Das Vertrauen fehlt ...
Martin Weiss in Investors Daily
vom 16. Juni 2003 18:00 Uhr
ENL5454
In der letzten Woche erreichte der deutsche Leitindex mit einem Punktstand von 3250 den höchsten Stand in diesem Jahr. Nur Gewinnmitnahmen am Freitag waren dafür verantwortlich, dass nicht auch die 3300-Punkte-Marke in Angriff genommen wurde. Erinnern Sie sich? Vor einigen Wochen hatte ich hinsichtlich der aktuellen Aufwärtsbewegung im nach wie vor vollkommen intakten Bärenmarkt von einem Anstieg des Dax bis in den Bereich von 3300 gesprochen.
Richtig, beim S+P 500 ging ich davon aus, dass schon bei 960 das Ende der Fahnenstange erreicht sein wird. Nunmehr kämpft der Index um das Überschreiten der 1000 Punkte-Schwelle. Ähnlich verhält es sich mit dem Dow Jones, der ein wenig weiter als nur bis auf 9000 voran kam.
Nicht zu vergessen, der japanische Nikkei, der in jüngster Vergangenheit ein erstaunliches "comeback" feierte und ebenfalls bei knapp 9000 steht. Aber, es sollte nicht außer acht gelassen werden, dass es sich dabei um die japanische Sondersituation handelt.
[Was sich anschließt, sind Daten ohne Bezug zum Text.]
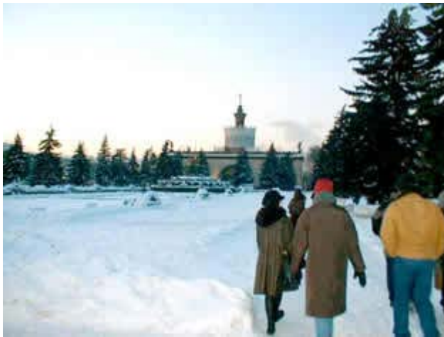
Walking in the cool evening air at the Exhibition
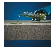
Acid resistant / chemical resistant
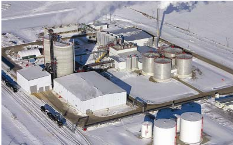
Picture at left is a 50 million gallon per year ethanol plant similar to that which Todd & Sargent is building for Lincolway Energy and Suncor Energy.
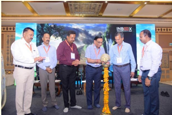
Lightening of Lamp by the Dignitaries at Dias

Nippon exerziert nach 13-Jahren deflationärer Wirtschaftskrise vor, was auch in den USA bzw. Deutschland bevorstehen könnte.
Genau, die Bank of Japan will bspw. aktiv auf der Käuferseite stabilisierend in den Aktienmarkt eingreifen. Andererseits wird bereits laut über die Einführung einer Steuer auf "cash-Bestände" nachgedacht. Dies wäre dann wahrlich nichts anderes als pure Verzweiflung, oder der Offenbarungseid, wie man's eben nimmt.
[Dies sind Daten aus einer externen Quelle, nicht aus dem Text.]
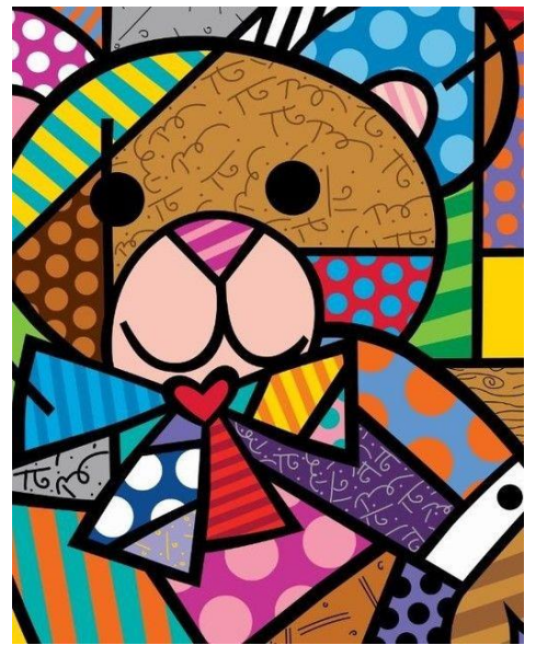
Hug Bear 2020
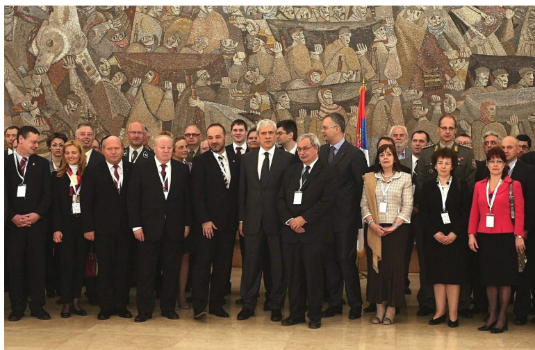
photo 1 - Conference participants

Inzwischen vernimmt man auch aus der EZB, dass für den Fall einer Deflation in Europa, speziell in Deutschland, Instrumente zur Bekämpfung einer unheilsamen Geldaufwertung zur Verfügung stehen würden. Angemerkt sei aber, dass laut EZB-Chefvolkwirt Issing momentan noch keine Anzeichen einer Deflationsspirale gegeben sind. Auch wenn bis zum heutigen Tage diese real existierende Gefahr verharmlost und beschönigt wird, so gehe ich davon aus, dass speziell Deutschland extrem anfällig für deflationäre Tendenzen ist. Und zwar nicht nur aufgrund der Demographie bzw. der gigantischen Probleme des Sozialsystems, sondern auch verstärkt durch die Öffnung der EU in den Osten. Denn durch die Erweiterung wird der Druck auf die Löhne, Preise und die Sozialsysteme der jetzigen EU-Staaten noch stärker. Und besonders Deutschland, geographisch im Herzen Europas gelegen, wird insofern umso mehr in die deflationäre Zange genommen.
Auch in den USA, die selben Nöte. Um 0,3 Prozent gingen die Erzeugerpreise im Mai zurück. Dies ist umso beachtlicher, zumal ja der für den April extrem hohe Rückgang von 1,9 Prozent auch in revidierter Rechnung bestätigt wurde. Es verwundert daher keinesfalls, dass von einigen Marktbeobachtern der Fed weitere Zinssenkungen anheim gelegt werden. Angesichts eines sehr, sehr schwachen Arbeitsmarktes bei einer Arbeitslosenrate von 6,1 Prozent und einem 20-Jahres-Hoch, was die Zahl der Empfänger von Arbeitslosen-unterstützung angeht, ist es schon als "Erfolg" zu sehen, dass die durchschnittlichen Einzelhandelsumsätze nur um 0,2 Prozent im April und Mai diesen Jahres rückläufig waren. In diesem Kontext war es alles andere als eine negative Überraschung, dass das Verbrauchervertrauen so stark eingebrochen ist. Viele Verbraucher haben einfach kein Vertrauen in diese sogenannte wirtschaftliche Erholung, da sie am eigenen Leibe eben erfahren, wie schwierig die Lage am Arbeitsmarkt und in den Betrieben wirklich ist. Dennoch war es schon verblüffend, wie die Aktienmärkte – völlig losgelöst von den Fundamentaldaten – eine Irak-Nachkriegsrallye erlebten. Als ob alle Probleme gelöst seien, wurden die Indizes nach oben gezogen.
Angesichts dieser wahrlich schlechten Rahmenbedingungen gibt es kaum einen Grund, dass Aktien von dieser Basis aus noch höher katapultiert werden. Es sei denn, es wird bewusst wiederum Luft in die Blase gepumpt, was mittel- und langfristig gesehen äußerst ungesund wäre.